--- Material for this task Enclosed Below ---
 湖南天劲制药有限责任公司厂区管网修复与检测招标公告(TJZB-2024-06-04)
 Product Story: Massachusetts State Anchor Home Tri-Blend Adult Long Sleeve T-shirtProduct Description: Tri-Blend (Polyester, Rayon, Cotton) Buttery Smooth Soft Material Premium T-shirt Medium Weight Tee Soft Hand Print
--- End of Enclosed Material for this task ---
--- Material for this task Enclosed Below ---
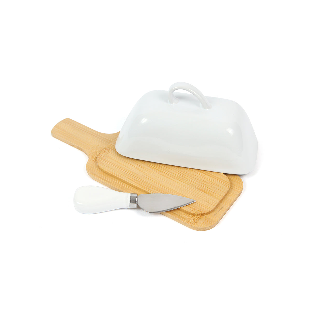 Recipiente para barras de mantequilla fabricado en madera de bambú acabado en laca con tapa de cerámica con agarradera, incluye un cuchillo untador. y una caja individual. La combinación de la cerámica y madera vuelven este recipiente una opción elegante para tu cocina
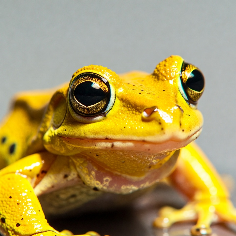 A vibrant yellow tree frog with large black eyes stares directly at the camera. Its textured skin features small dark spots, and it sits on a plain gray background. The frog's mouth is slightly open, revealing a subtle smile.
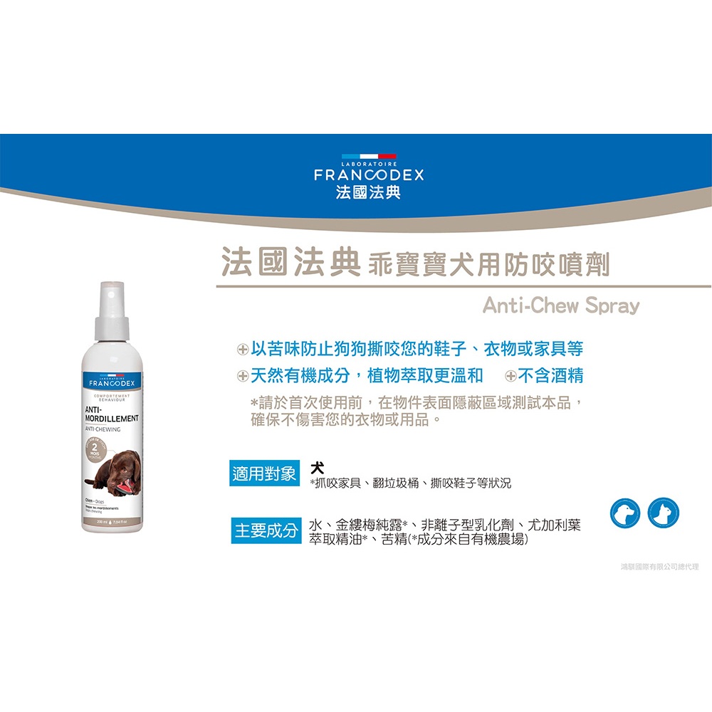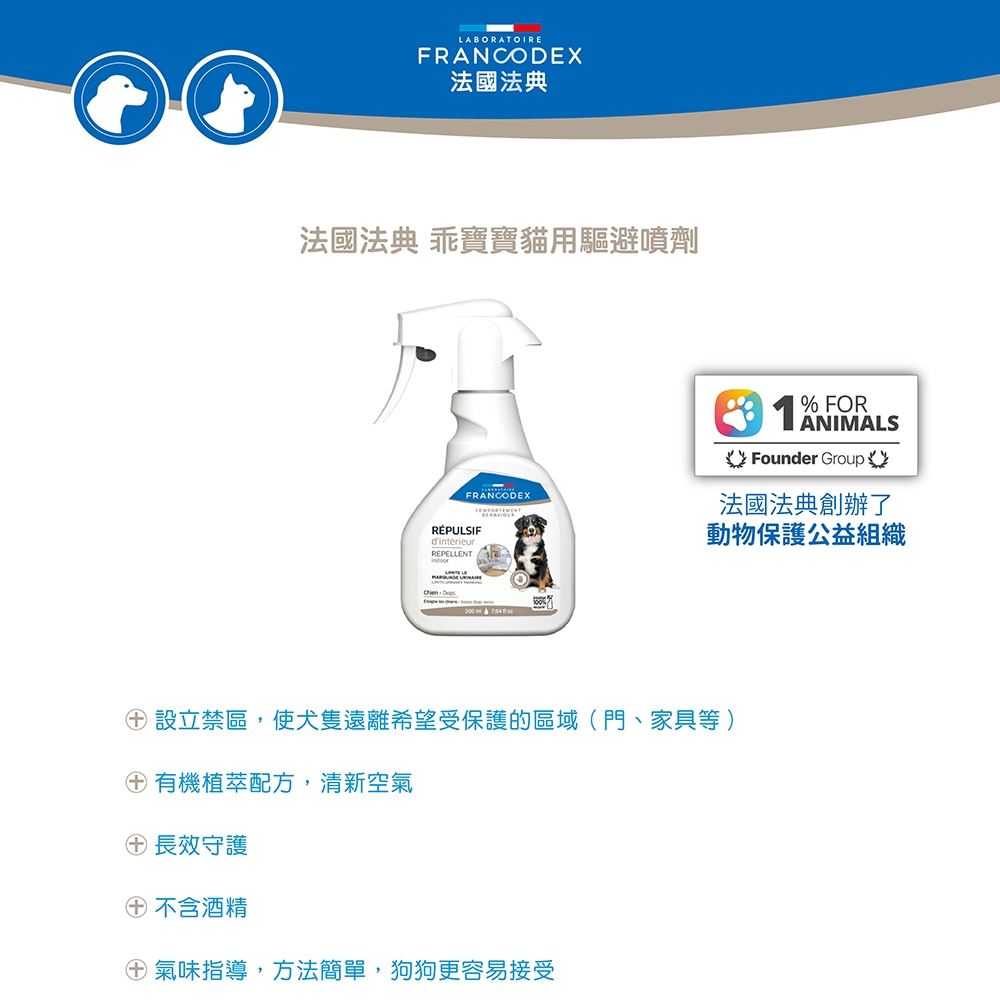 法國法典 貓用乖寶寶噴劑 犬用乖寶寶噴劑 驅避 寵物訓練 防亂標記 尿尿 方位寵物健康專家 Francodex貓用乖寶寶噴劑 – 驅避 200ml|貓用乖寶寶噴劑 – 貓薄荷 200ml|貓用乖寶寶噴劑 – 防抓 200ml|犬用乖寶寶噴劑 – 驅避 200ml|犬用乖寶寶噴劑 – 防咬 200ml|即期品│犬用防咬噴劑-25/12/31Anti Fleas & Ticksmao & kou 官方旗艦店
--- End of Enclosed Material for this task ---
■ What to produce:
Leaving out each picture, repeat exactly the lines above from the one that contains "A vibrant yellow" through the one that contains "法國法典 貓用乖寶寶噴劑 犬用乖寶寶噴劑".

■ Exercise output:
 A vibrant yellow tree frog with large black eyes stares directly at the camera. Its textured skin features small dark spots, and it sits on a plain gray background. The frog's mouth is slightly open, revealing a subtle smile.
 法國法典 貓用乖寶寶噴劑 犬用乖寶寶噴劑 驅避 寵物訓練 防亂標記 尿尿 方位寵物健康專家 Francodex貓用乖寶寶噴劑 – 驅避 200ml|貓用乖寶寶噴劑 – 貓薄荷 200ml|貓用乖寶寶噴劑 – 防抓 200ml|犬用乖寶寶噴劑 – 驅避 200ml|犬用乖寶寶噴劑 – 防咬 200ml|即期品│犬用防咬噴劑-25/12/31Anti Fleas & Ticksmao & kou 官方旗艦店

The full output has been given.